A "significant anomaly" aboard the Hubble Space Telescope has forced NASA to delay the shuttle Atlantis launch until at least February 2009 NASA officials said at the start of the week. Atlantis was launching to Hubble to help repair it for the final time, and the mission was scheduled to launch in two weeks, but NASA must now test a spare computer that could help solve the issue.
The crew members of shuttle Atlantis were supposed to conduct five scheduled space walks during the 11-day mission aboard the aging space telescope.
The shuttle Endeavour mission, which would have been on standby in case of an emergency aboard Hubble, could be moved up two days to Nov. 14, shuttle programmers said. Due to the high risk of the mission, in which the astronauts are in the wrong orbit to go to the International Space Station (ISS), some space observers said the Hubble repair simply isn't worth the risk.
Hubble is now unable to format or store any data collected from its instruments, and can no longer transmit the information to researchers on Earth. The problem lies in the Science Instrument Command and Data Handling (SIC&DH) Unit, which is responsible for the Science Data Formatter aboard the Hubble.
Hubble operators expect to use a backup channel to help bring the telescope back into service sometime this weekend, or early next week.
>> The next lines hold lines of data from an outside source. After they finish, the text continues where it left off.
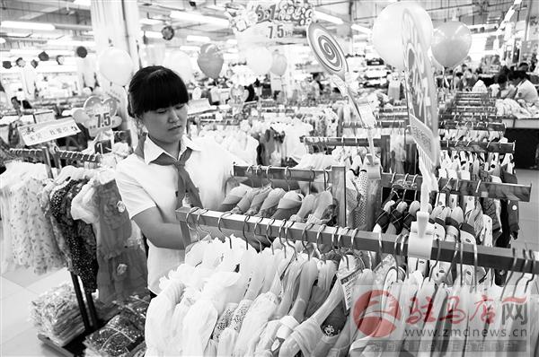 六一國際兒童節將至,市區各大超市一片繁忙景象,銷售人員也戴上了紅領巾,展示親和力,她們忙著把花色鮮艷、樣式新穎的服裝整理上架。據商家介紹,這些商品均優惠出售,讓孩子們打扮得花枝招展快樂過節日。記者 張 朝 攝
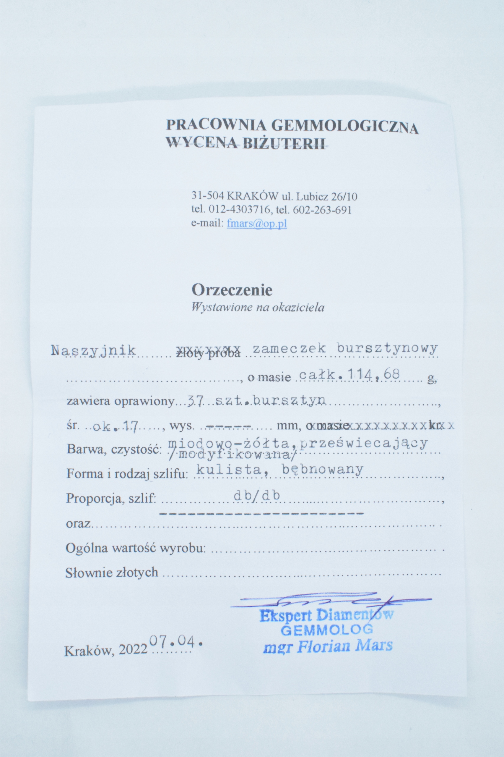 До намиста додається сертифікат ( фотографії).
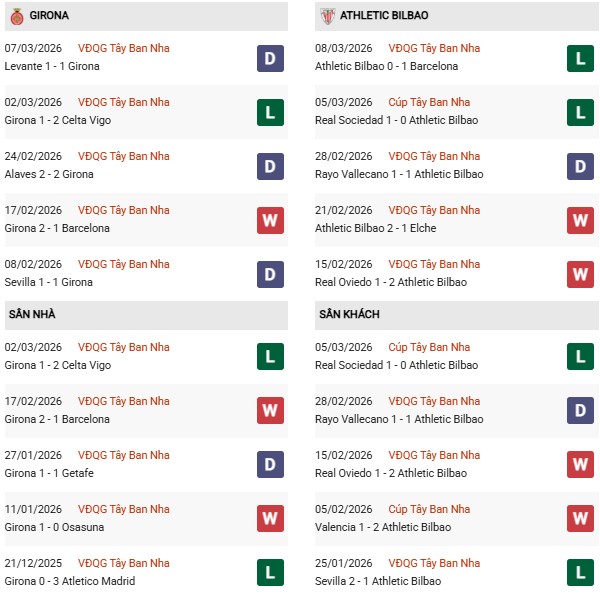 - Trên sân nhà, Girona thắng 3, thua 1 trước Athletic Bilbao.
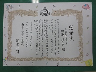 児童会では、14班各班長の手紙と「感謝状」をお渡ししました。
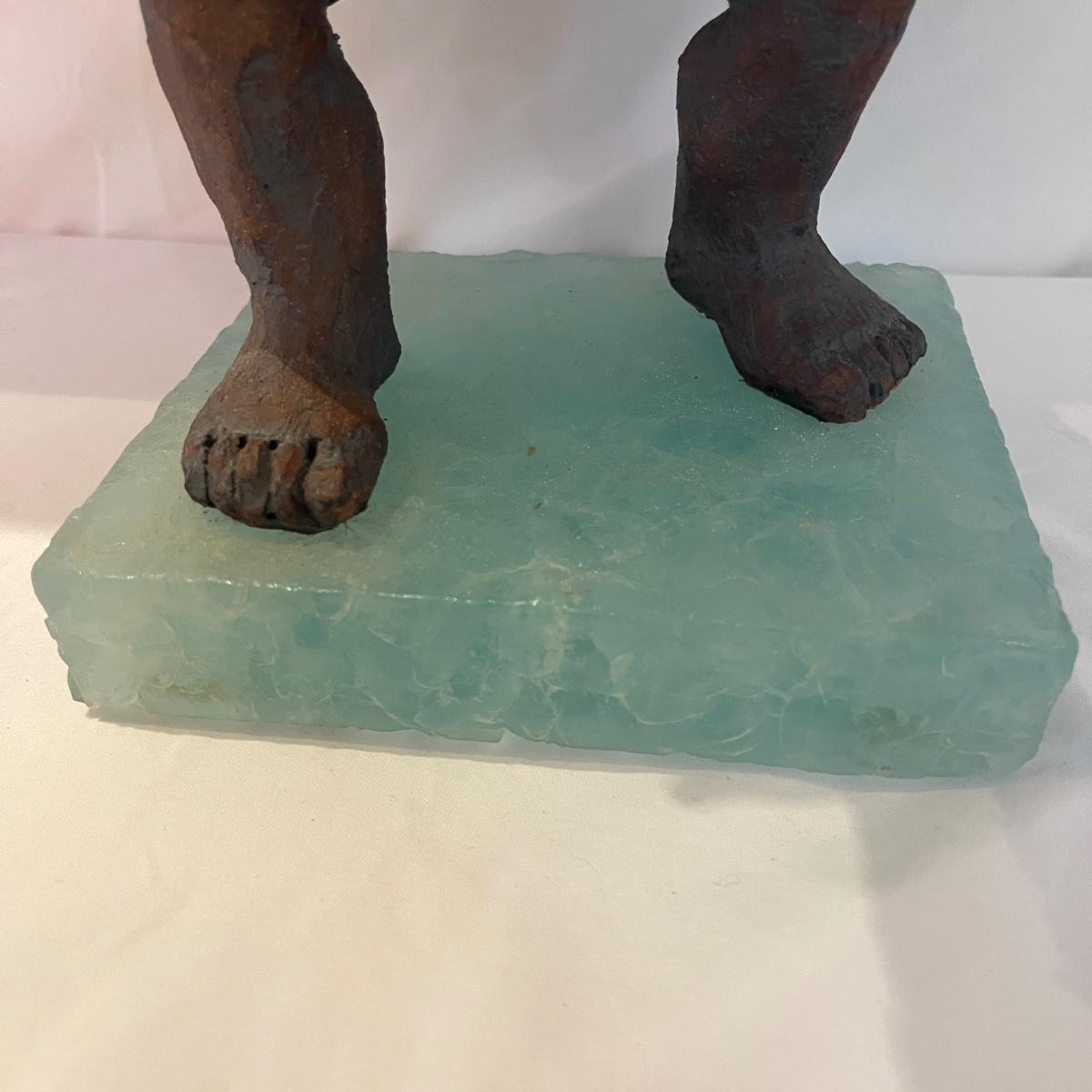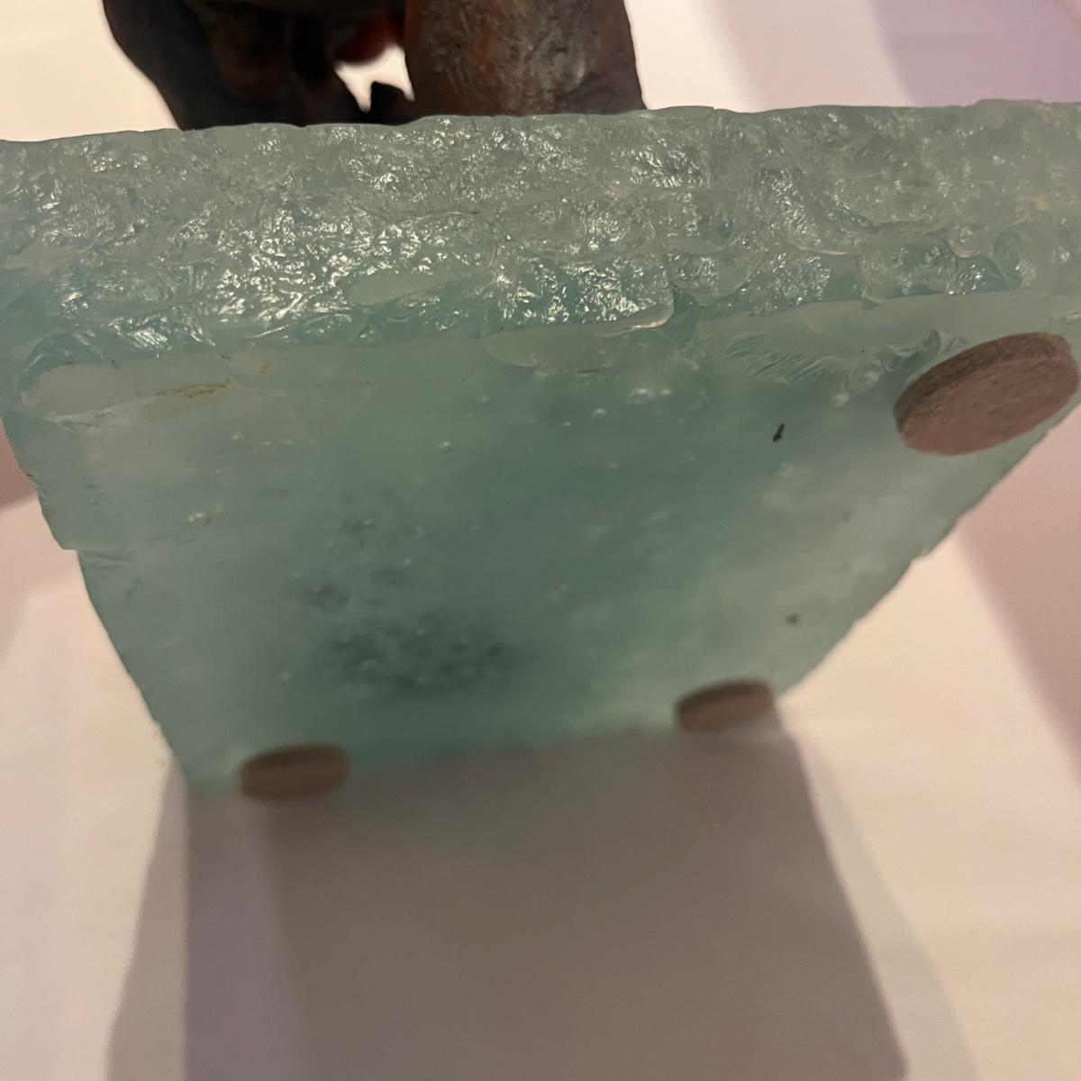 This stature appears to be Páte De Verre style which is translated from French to mean glass paste. Statue measures 8” x 8.5” x 13”H.
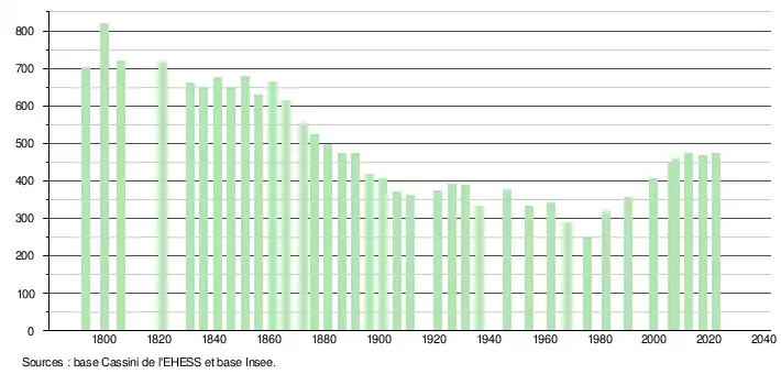 L'évolution du nombre d'habitants est connue à travers les recensements de la population effectués dans la commune depuis 1793. Pour les communes de moins de 10 000 habitants, une enquête de recensement portant sur toute la population est réalisée tous les cinq ans, les populations de référence des années intermédiaires étant quant à elles estimées par interpolation ou extrapolation[33]. Pour la commune, le premier recensement exhaustif entrant dans le cadre du nouveau dispositif a été réalisé en 2007[34].
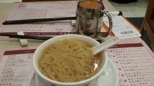 お粥にしようと思いましたが、このお店のワンタン麺は、結構評判という事で、思い直しワンタン麺にしました。ミルクティーが付いて35香港ドルです。スープはあっさりながら優しい味で、う~ん、美味しいですね。ワンタンも柔らかく中身の海老も美味しいです。

But since switching over will leave the telescope without a backup, the astronauts aboard Atlantis are expected to fully replace the failed unit.
"If we just switch over to Side B of the Science Data Formatter, we would be left with a system that has several single-point failures, and that would be a risk to the mission for the long duration," a NASA official said.
Researchers are still unsure what caused the problem, but guess long-term space radiation could have damaged the instrument, which operates at a high temperature.
Each month the Hubble repair mission is delayed costs NASA around $10 million.